In other words, success or failure at spreading a message through social media looks kind of random. When a social media campaign goes viral, "you don't have to assume it's because some people are influential--you can still get some random thing that gets 50 million views on YouTube," said Filippo Menczer, director of the Center for Complex Networks and Systems Research at the Indiana University School of Informatics and Computing. "Maybe the answer is that there is no answer."
Or, to put it another way, when computer scientists (or social media marketing gurus) try to prove cause-and-effect, they need to do a better job of correcting for the element of chance. "You have to ask, is it just a spurious correlation, where someone was going to win," Menczer said in an interview.
The paper on Competition among memes in a world with limited attention was published on Nature Magazine's Scientific Reports website.
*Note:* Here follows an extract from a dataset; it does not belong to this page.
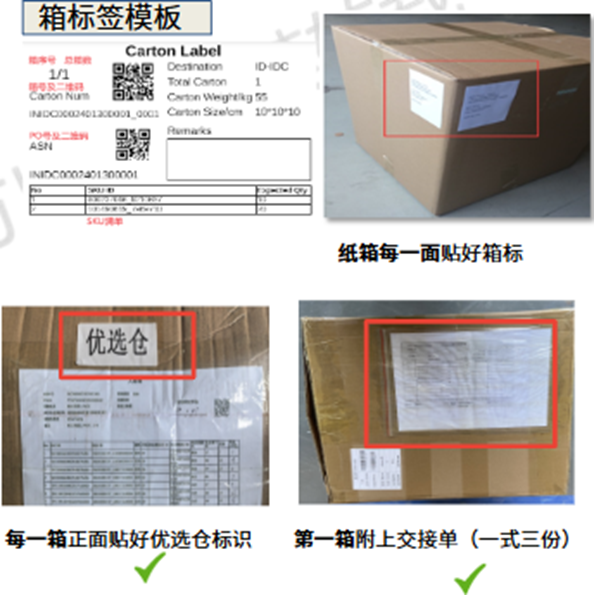 3) 交接单:须打印一式三份交接单装在信封里并附在**第一箱子上,交接单可在PO预约后在后台下载打印**(交接单必须有准确的箱子数量/产品数量,如无则将被拒收)

Indiana University Ph.D. candidate Lilian Weng was the lead author, with co-authors Menczer, Alessandro Flammini, director of undergraduate studies for Indiana University Informatics, and Alessandro Vespignani, Sternberg distinguished professor of physics, computer science, and health sciences at Northeastern University.
The term meme, coined by the British evolutionary biologist Richard Dawkins in his book The Selfish Gene, describes ideas that reproduce and spread like genes in biological systems. The Indiana University study also alludes to a related theory that ideas and concepts spread like infections, with fads and viral videos breaking out like epidemics. Another theoretical underpinning of the study was the idea of an attention economy in which information is plentiful but human capacity to focus on it is scarce.
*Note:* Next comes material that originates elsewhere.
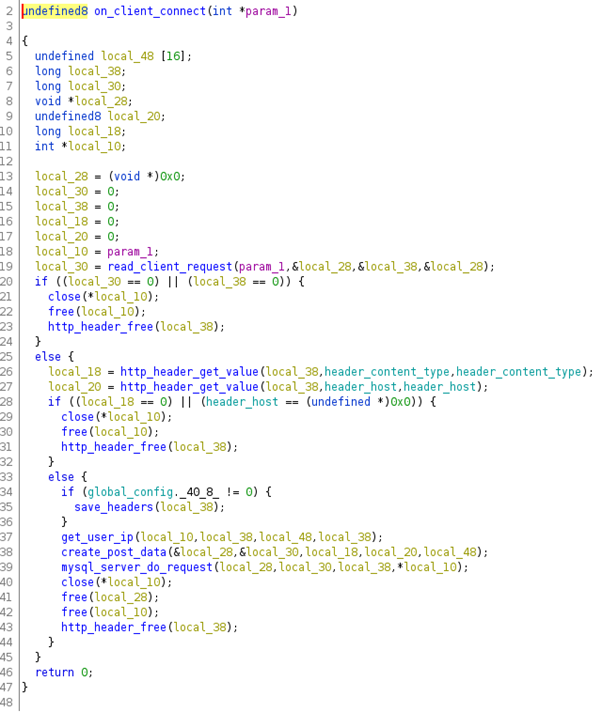 Every time a new client is received, the “listen_socket()” function is called. A new thread is created by client (Figure 9 — line 33), and the code inside the “on_client_connect” function is executed. The Stantinko malicious code is here.

The researchers built a computer model of a system with a network structure similar to that of Twitter, and a limited attention span for the software agents simulating the role of users (meaning they would only "remember" or focus on any given meme for a short time). By pumping simulated memes into this virtual Twitterverse and picking winners and losers according to a few simple rules, the computer scientists were able to reproduce the same kind of behaviors seen in the real network. The real-world analysis was based on 120 million retweets connected to 12.5 million users and 1.3 million hashtags.
"Our question was, can we look at these things to explain why some become very popular--why some YouTube videos go viral and others don't. There might be one dancing cat that gets a million views, but another dancing cat where only two people watch," Menczer said. Other studies have tried to make connections to the time of day an item is posted or the number of connections the person issuing the post has, but those may be misleading, he said.
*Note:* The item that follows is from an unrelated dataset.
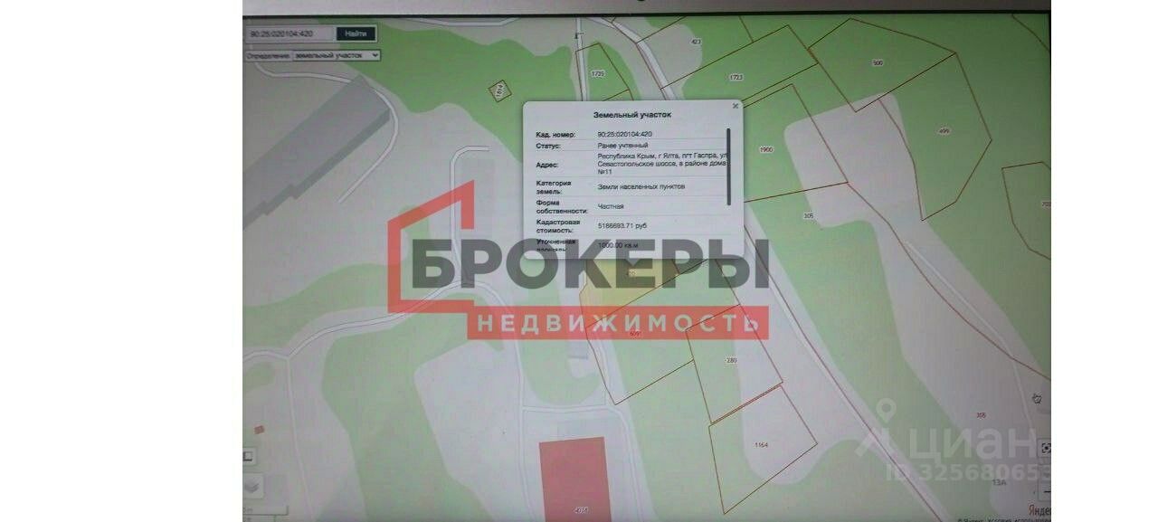 Объект 8222. Продам видовой земельный участок с роскошным видом на море и горы. (кадастровый 90:25:020104:420) в живописномрайоне Гаспра! Площадь: 10 соток ИЖС. Расположение: на склонах поселка Гаспра, с великолепным видом на море и Крымские горы. Описание участка: Расположен в живописной местности рядом с коттеджным поселком Гаспра Лайф. Уникальные виды на море, гору Ай-Петри и г. Кошка. К участку ведут две асфальтированные дороги: одна-из поселка Гаспра к нижней точке участка, другая — к межгородней трассе в верхней части. Участок расположен на склоне, что обеспечивает сохранение панорамных видов без закрытия соседними постройками. Коммуникации: - Электричество— по границе участка - Водопровод —доведен по улице в 100 м от участка - Газ — на расстоянии 100 м Инфраструктура и транспорт: Расстояние до центра Ялты — всего 10 км До пляжа —около 15 минут на автомобиле В пятиминутах езды — школа, детский сад и магазины, что обеспечивает комфортное проживание. Документы: Проверены юристами и готовы к сделке. В наличии ГПЗУ и разрешение (уведомление) на строительство. Профессиональное сопровождение сделки до получения прав собственности. Не упустите возможность стать владельцем этого уникального участка в живописном уголке ЮБК! Позвоните сейчас для получения дополнительной информации и организации просмотра!

Like an ecosystem that can only support a limited number of species and individuals within that species, social networks pick winners that go viral and losers that die without a trace according to a brutal process of natural selection, where chance plays a big role, according to the study.
The rules of the game can be summarized as "ideas propagate on the network, and people forget after a while," Menczer said. The researchers found that if they altered the assumptions in the model--for example, by altering the degrees of separation between social media users or their ability to pay attention--their model no longer matched reality. On the other hand, when they stuck to their base model--in which no post was inherently more interesting or popular than the other--the data matched up closely.
This does not really mean that there are no ideas more interesting or people more influential than others, only that the role of those factors is easy to overestimate, Menczer said.
"Of course, there are things that are more objectively interesting than others and if you write about them, probably yes, that will receive a bunch of following. However, even if you don't you might get lucky. And even if you do, someone else might be posting the same thing and get the attention instead of you," he said.